During spring/summer 2004, the structural breaks led to post-break trend decreases in the use of restraints and the presence of semen. The use of ligatures and blunt weapons also showed statistically significant decreases, but the magnitude of these changes was not enough to impact the overall trend of the post-break trends. Spring/summer 2005 had structural breaks indicating decreases in “non-violence”, outdoor crime scenes, and the release scene being the victim’s residence. However, only the increase presence of violence led to a change in the direction of the post-break trend. Spring/summer 2006 exhibits increases in the post-break trend of the use of a knife, surprise, and injured victims.

The next “set” of changes to modus operandi occurred in spring/summer/fall of 2015—changes occurred in the intervening years, but in a relatively isolated manner. In 2015, there were overall decreases in the use of the offender’s residence, acting on the victim, and acts of sadism—the latter, however, did exhibit a notable jump at the time of a break before it subsequently decreased. But there were also increases in weapons, stabbing/cutting, and the presence of physical resistance that led to increasing post-break trends. There are also a number of changes in 2016, but all but one of those modus operandi changes led to decreasing post-break trends. Lastly, verbal, resistance and anal intercourse had no significant changes in participations.

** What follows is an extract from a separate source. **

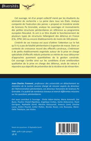 Cet ouvrage, né d’un projet collectif mené par les étudiants du séminaire de recherche « La peine dans tous ses États. Analyse comparée de l’exécution des peines » proposé en troisième année de Sciences Po Grenoble, analyse les avantages et inconvénients des petites structures pénitentiaires en référence au programme européen Rescaled. Ils ont à ce titre étudié le fonctionnement de plusieurs types de structures hébergeant des détenus en France (CSL, EPM, SAS ou encore établissements de moins de 100 places). L’intérêt de ces travaux est aussi d’attirer l’attention sur le fait qu’il n’y a pas de fatalité pénitentiaire à la gestion de masse. Dans un contexte de croissance record des effectifs carcéraux, s’intéresser à de petits établissements organisés autour de la prise en charge spécialisée d’effectifs réduits présente ce mérite de nous détourner d’approches purement quantitatives de la gestion carcérale. Cet ouvrage s’arrête ainsi sur les conditions d’une amélioration qualitative de la prise en charge des détenus, seule de nature à répondre aux objectifs de prévention de la récidive et de réinsertion.

Overall, the results show that there are changes in the counts of modus operandi but not the participations in the modus operandi because participations better account for the overall decrease in sexual assaults reported to the police. There are statistically significant changes for participations as well, but the magnitude of those changes are not large enough to exhibit much, if any, change over time.

Discussion and Conclusion

This study tests whether the modus operandi of individuals having committed a sexual assault on female strangers has changed over time. More specifically, it examines any changes in modus operandi in both absolute and relative frequency. In order to avoid the potential biases associated with a decrease in the number of sexual assaults being committed, an additional measure of modus operandi – the participation – has been used. Similar to the concept of participations in the co-offending literature (Andresen & Felson, 2012a; 2012b), by measuring specifically the percentage of participations in a specific modus operandi behavior, we can better identify changes in the modus operandi of offenders even when the overall frequency of events is decreasing over time.

As shown in the literature review, there is no single theory explaining the change – or lack thereof – in the modus operandi of criminals, let alone individuals who have committed sexual crimes. Instead, when drawing from various sources in criminology, there seems to be a consensus congruent with most people’s expectations that the modus operandi of criminals should change and adapt to the new reality, at least to avoid police detection. Whether it is for social changes (Cohen & Felson, 1979), restrictive deterrence (Jacobs, 1996a; 1996b), the CSI hypothesis (Cole & Dioso-Villa, 2007), or even due to the improvement in criminal investigation practices (e.g., Beaver, 2010), all imply or directly suggest that the modus operandi of a criminal should have changed over time. Yet, our findings suggest the opposite.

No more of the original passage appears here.